Google Veo 2 vs Sora of Openai: What is the best video generation model?

Google Veo 2 vs Sora of Openai: What is the best video generation model?

The two American publishers offer video generation models in the state of art. Price, performance, realism… comparison of Veo 2 and Sora.

It is a market in full hatch. The generation of video from prompt begins to develop little by little over the improvement of foundation models. Dominated by Chinese players at first, the market has seen new American heavyweights arrive in recent months. Finally unveiled in December 2024 by Openai, Sora became a must. A few days later, Google in turn unveiled its house solution: Veo 2. A model slightly higher than that of Openai according to the classification of users of the Arena video of Artificial Analysis. Price, quality, realism, duration of productions … Comparison of these two titans of the video AI.

Different technical approaches

VEO 2 is based on a cascade system of several diffusion models. A basic model first generates a low resolution video from the user prompt. Spatial super-resolution models then improve visual quality. Finally, temporal refinement models guarantee consistency between images. This architecture allows Veo 2 to excel in the reproduction of the physical principles of the real world. Concretely, this results in more natural movements, more credible interactions between objects, and a better understanding of the laws of physics in generated videos. Google particularly highlights the capacity of Veo 2 to understand “the unique language of cinematography”: the model correctly interprets the instructions relating to objectives, angles and camera movements.

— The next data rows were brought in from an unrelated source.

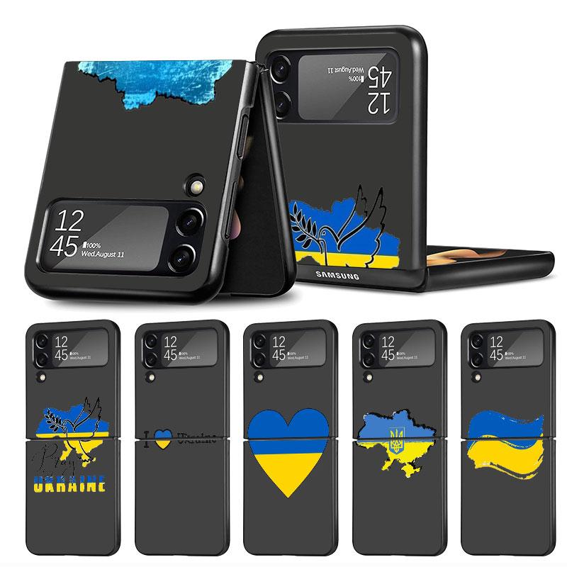 Чехол для телефона с флагом Украины для Samsung Galaxy Z Flip 3 5G 4 Модный Z Flip3 Роскошный Черный Жесткий Задник Чехол-накладка
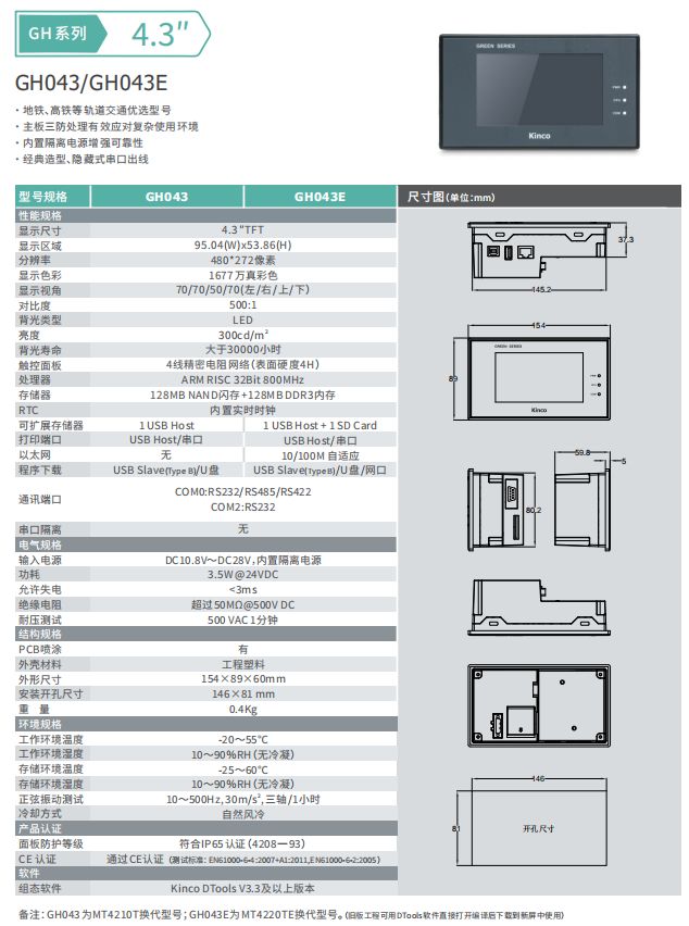 kinco步科4.3寸觸摸屏GH043/GH043E1
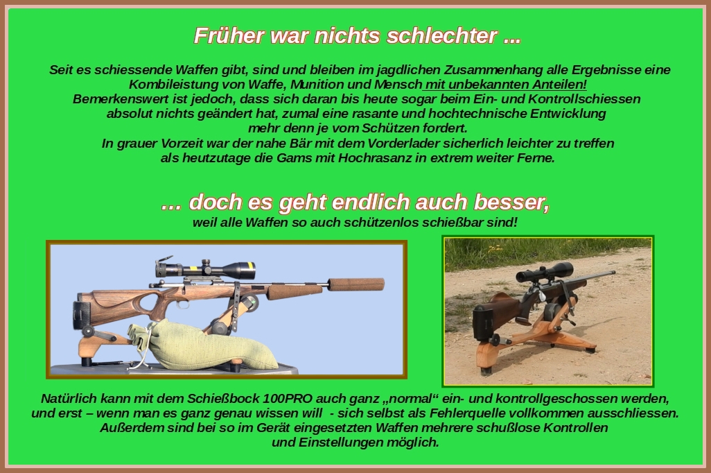 Erwähnenswert ist daher auch vorab, daß nach § 13 - Absatz 6 des Bundeswaffengesetzes das Ein- und Kontrollschiessen im Revier ohne eine Schußzahlbegrenzung erlaubt ist. Daraus ergibt sich also in Kombination mit dem Schießbock 100PRO eine vollkommene Unabhängigkeit von Schießständen und deren Öffnungszeiten.
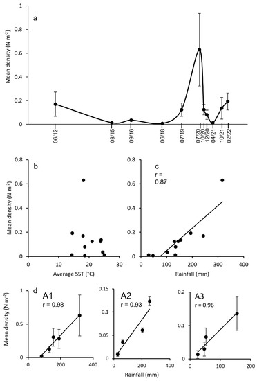 At the regional scale, the temporal trend of the mean densities was variable, with a main peak in July 2020 (Figure 7a). While data did not show any significant correlation with a mean SST (Figure 7b), a strong relationship (r = 0.87) was evident with the amount of rainfall in the three months before each survey (Figure 7c). The correlation with rainfall was more robust in the summer months (r = 0.96) than in winter ones (r = 0.81). The correlation between rainfall and basket star density during summer months was also very strong when considering the three macro-areas separately (Figure 7d(A1–A3)).
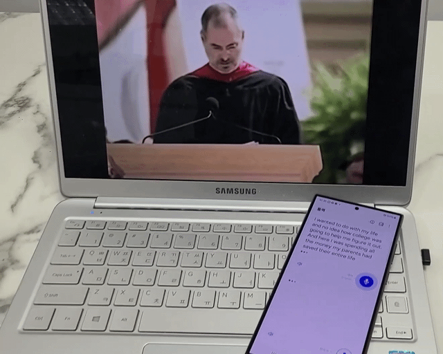 통번역 성능을 알아보기 위해 고 스티브 잡스 애플 창업자의 2005년 스탠포드대학교 졸업 축사 영상을 활용했다. 스티브 잡스는 정확한 발음과 적당한 속도로 연설하는 것으로 알려져 영어를 공부하는 이들에게 그의 연설문은 학습 자료로도 사용된다. 해당 축사 전체를 통번역하는 것은 어려웠다. 축사 도중 공백이 발생할때 통번역 기능이 실행됐기 때문이다.
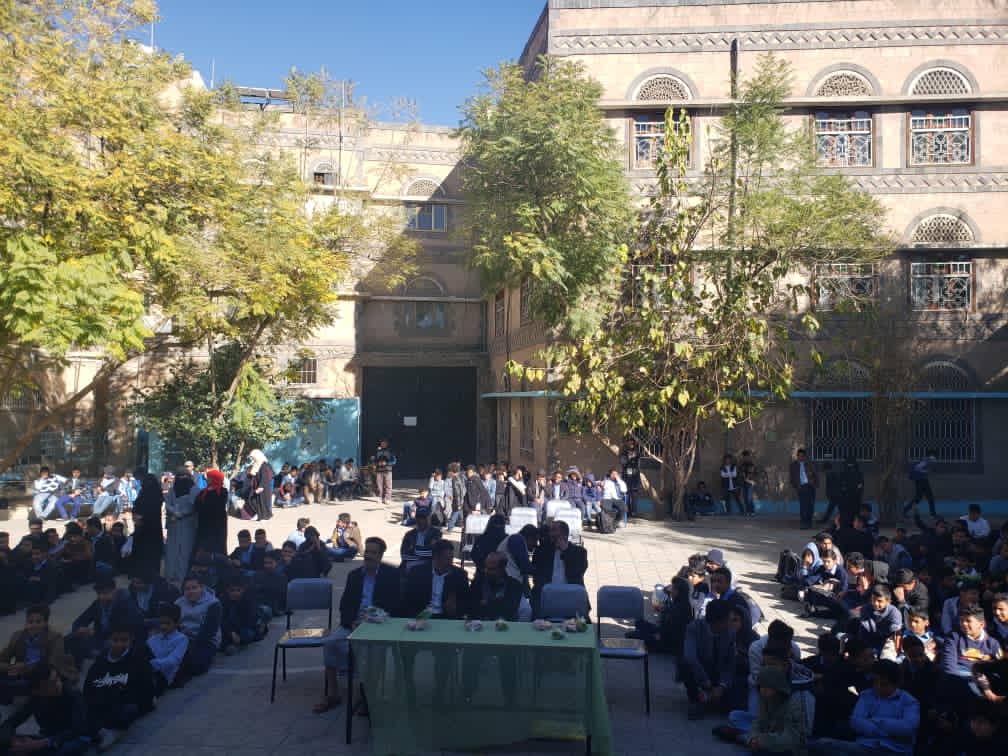اقامة مدرسة صنعاء المتقدمة بنين فعالية اذاعة مدرسية وذلك
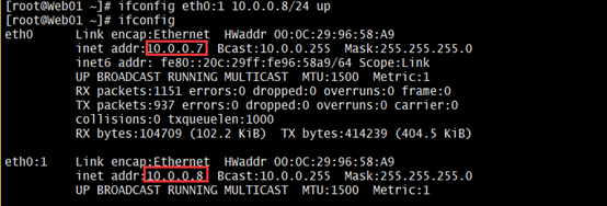 ip addr add 10.0.0.9/24 label eth0:2 dev eth0(使用ifconfig和ipaddr都能查看,推荐使用)
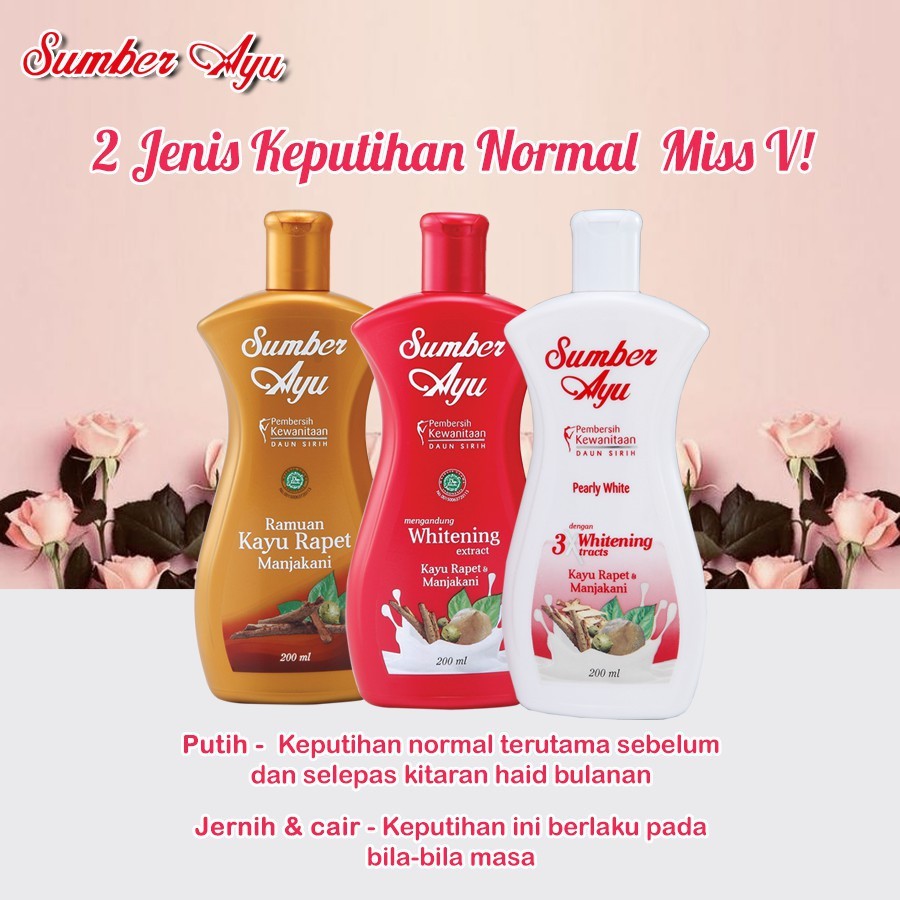 SUMBER AYU PEARLY WHITE TRIPLE WHITENING Rasakan manfaat terbaik sumber ayu pembersih kewanitaaan pearly white dengan triple whitening ektract yang telah disempurnakan, mengandung bahan alami terbaik : ektrak bengkoang, liorice susu serta kayu rapet manjakani & daun sirih yang bermanfaat : 1. Membantu kulit disekitar area v tampak cerah dengan lebih optimal terutama didekitar pangkal paha 2. Membersihkan area kewanitaan, mengurangi bau tak sedap sekaligus membantu memeliharanya tetap terasa lembut

According to the analysis of researchers from Lehigh University (Pennsylvania), Sora uses a radically different architecture. While Google uses several cascading models, Sora is based on a single transforming of pre -worn diffusion with flexible scale capacities (the model can treat videos of different dimensions without standardizing them). Conversely, conventional approaches like that potentially used by Veo 2 tend to standardize formats (conversion to squares, fixed resolutions), which can cause information loss or distortions during the final rendering. Clearly, in theory, Sora can generate a vertical video for Tiktok, a horizontal for YouTube or a square for Instagram without compromise on visual composition or quality.

The JDN test

In practice, the Google and Openai models are ultimately quite close. According to our different tests, OpenAi offers a more photorealistic rendering than Veo 2. On the other hand, the Google model offers physically more credible videos.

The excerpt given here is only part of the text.